Wednesday, August 25, 2010
Having spent many years working on
Holy shit, it’s 8pm and your at a bar! Put on some f---ing heels, brush that greasy birds nest and try some damn Bare Esceuntuals for a change. Zits and worn out flats from DSW do not make you look “more approachable.”
Saturday, July 24, 2010
My roommate brought home a fabulous little Dirt Devil floor vac (back in the day we used to call it an electric broom). I though, "Dirt Devil?! Is it any good?" Well, I
stand corrected....this mo fo can suck something fierce!!!! Mad skills......I could only imagine that section on it's resume...

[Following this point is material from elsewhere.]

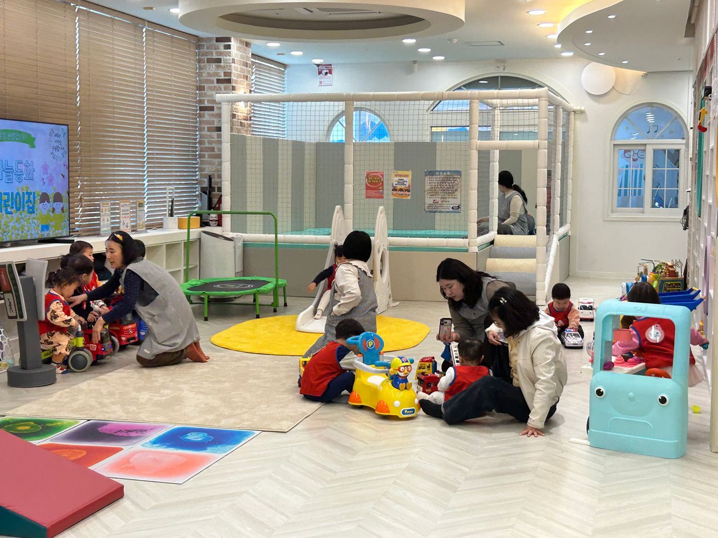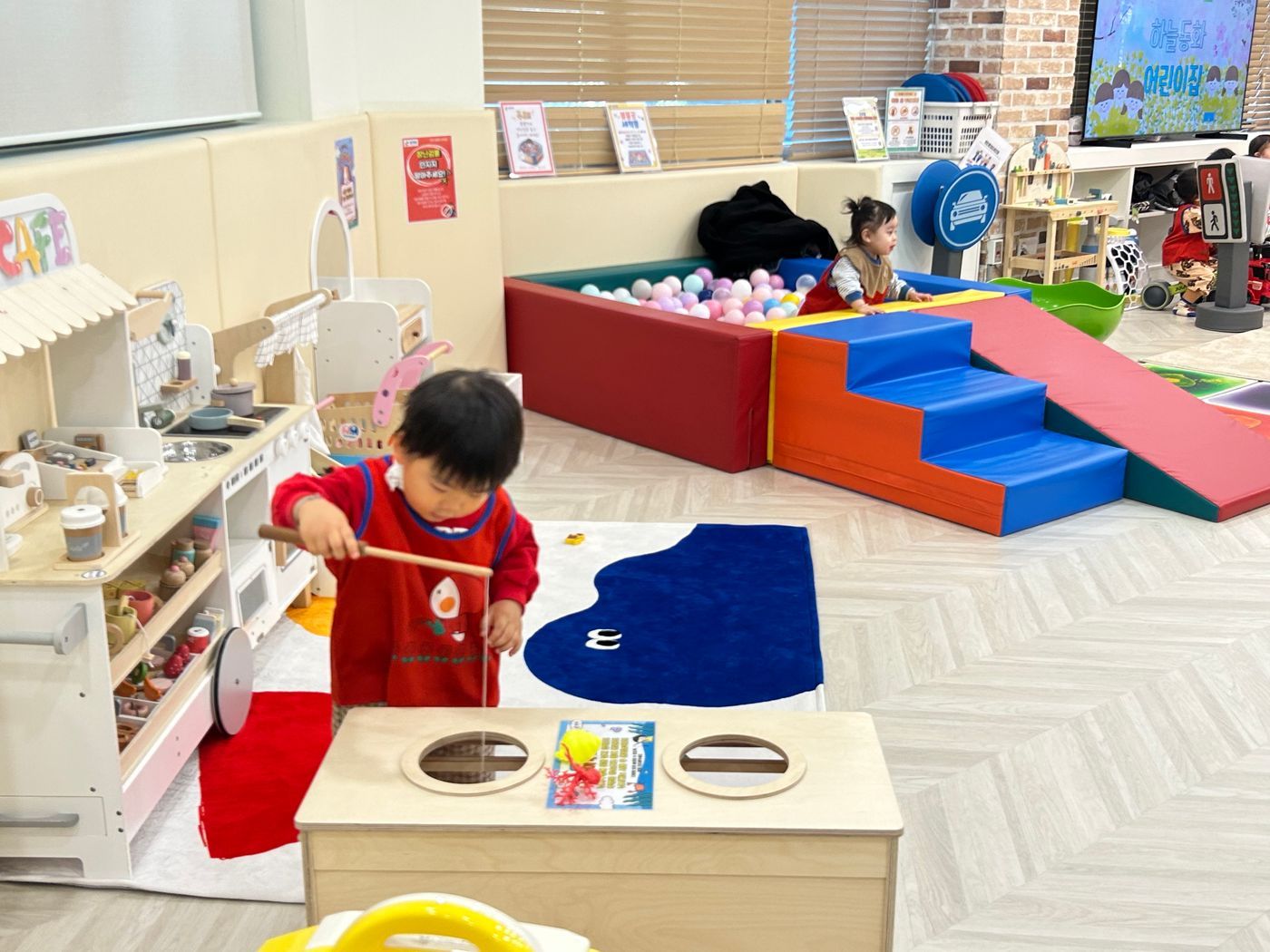 트렘펄린에서 콩콩 뛰고 꿈키움의 인기공간이 볼풍장에서 놀이하고 작은 구멍을 들여다보며
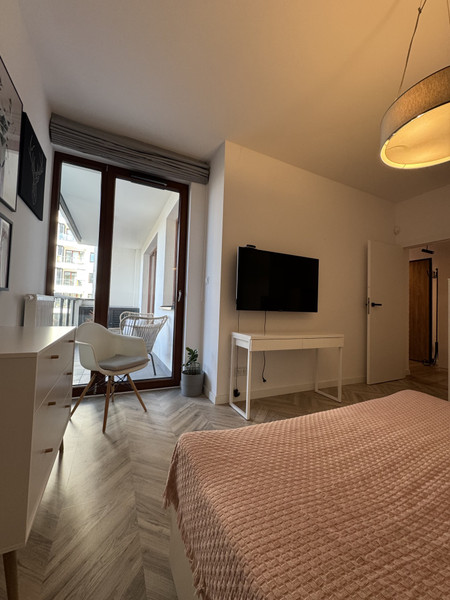 Pięknie wykończone i umeblowane. Na wyposażeniu mieszkania są: pralko-suszarka, lodówko-zamrażarka, płyta indukcyjna, piekarnik, 2 x telewizor (w salonie i sypialni), soundbar, czajnik elektryczny, szklanki, kieliszki, kubki i filiżanki.

Detail-oriented, with the ability to complete multiple tasks and projects in a high pressure environment
Demonstrated relationship-building skills with clients, customers and vendors
Ambitious and hardworking with a commitment to excellence
Can suck a lemon through a garden hose
Lord knows I love a good conspiracy theory. I am fascinated by the possibilities of them, and even moreso the fascinating belief systems that they foster in those who
don't claim to belong to them...The webs of congnitive strings and connections, and limbs that we go out on to make them connect... that we have created over the course of
years to describe these conspiracies that we aren't even sure exist. If anything, they exist, perhaps only, in the deeply layered stories and associations that we make in
our desperate attempt to defy our own banal, mortal existence.
They are much like the internet. The actual internet is non existent, intangible, has no real form, no walls, ceilings, reception desk, health plan, employees, board of
directors. No one actually ever meets. No buearacracy, no infrastructure, no administration. It exists in the connections that one computer user makes with others by
degrees of seperation.
Seriously, none of those people actually know Kevin Bacon, and barely know each other....and yet, in that ectoplasm, a deep connection exists forming it's own reality.
All of this is fabulously esoteric, and makes for terrific rhetoric, and discussion....until, of course, on the days I have a work meeting. Suddenely, the thought that
thousands of people, seperated by generations, intricately, and furiously organized to maintain a secret over the course of centuries goes out the window when 10 people
can't decide on what to order for lunch in the course of 20 minutes. Good day.
So I ran this morning to Coldplay. I know it's total emo douche music, but it seemed to work. I just pretended I was Gwyneth Paltrow being chased by a herd of Madonna's indigenous children....."take care of us!!!! Mama is on another world tour in Namibia with Donna, Nikki and Umfoofoo...let's have a play date with apple. We're tired of sewing her H&M dresses 12 hours everyday.......They don't even pick them up anymore!!!!"
8 loads of laundry after our hot water was finally turned back on (Landlord finally coughed up the $2000 he owed from the last two years before we rented) I have underwear and socks again but I am too tired to shower, groom, or even begin to have the wherewithal to contemplate briefs, boxers, or those colored bikinis that come in the tube.
I looked over on the bus today and noticed this woman with the tightest, biggest perm I've ever seen and 8 layers of hardcore Mary Kay pancake that took no less than a pod of grey whales and maybe a humpback to manufacture. But you've gotta give it up to her. I mean, in this weather, even on a mild summer day, if I walk more than half a block at a decent gait....I mean I'm not dripping in sweat, but the foundation is gonna migrate!!!!! And the fact that by 5pm her eyeshadow wasn't covering her areolas is a testament to her mad skills!!! Get your resume together honey, the sci fi channel could use an artist like you!!!